Christine Benz, the personal finance expert at Morningstar, has an excellent article about the four investment rules to ignore. These “rules” are in wide practice throughout the industry, but they don’t hold up under close inspection. In fact, they will destroy your long-term returns if you let them.
1. Consistency of returns is important in investment selection.
2. If an investment has been a laggard over the past three or five years, cut it loose.
3. Your risk tolerance should determine your asset allocation.
4. It’s ok to go to cash when you are nervous about the market.

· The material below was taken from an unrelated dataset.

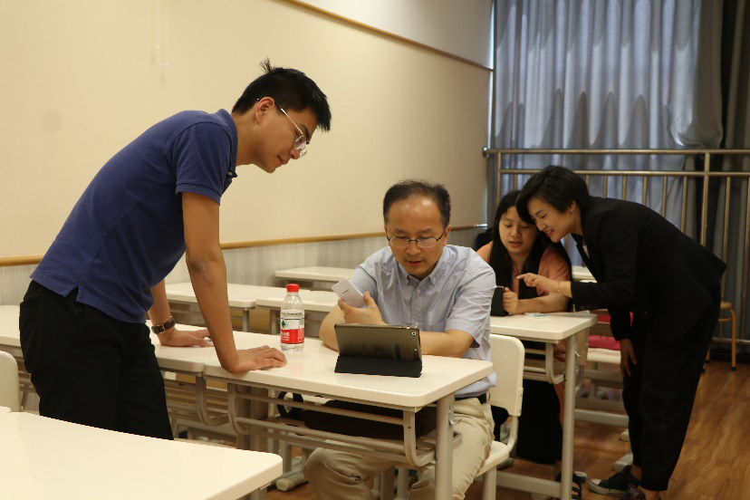 一行6人在周斌校长的陪同下共同参观了武汉分校总部的工作区,并来到位于总部楼下的教学区,体验学而思独有的高科技授课系统。

This article is a must-read.








Kinda have a problem with her point #4. I agree that trying to time the market is futile at best. But moving money AWAY from the market when high risk prevails and moving INTO the market when that risk subsides is not really market timing. Will we be out at the top? NO! Will we be in at the bottom? NO! I acknowledge that historically 2/3 of the time the market rises, so moving 100% to cash may not be a prudent move, but sometimes on a relative strength basis MNYMKT is the strongest place to be. Afterall does not a majority of the risk come the market/sector, not the individual stock/etf?
I believe alot of the info (buy/hold) out there is based on what works in a secular bull market (i.e ’82-’00) and those strategies may not work well in a secular bear. Buy/Hold may not even be the best strategy in a secular bull. My research says that missing the BEST days also many times meant we missed the WORST days.
I don’t think Christine Benz is addressing going to cash as part of a systematic tactical strategy. I think she is addressing the “emotional asset allocation” issue that we have talked so much about on this blog-moving to cash when you “feel nervous.” That’s how most clients do it, and that’s a lot different that using cash strategically as part of a plan. Changing your allocation based on how you are feeling at the moment is a recipe for disaster.
Absolute recipe for disaster!! I will catch up on some previous posts. Keep up with strong work!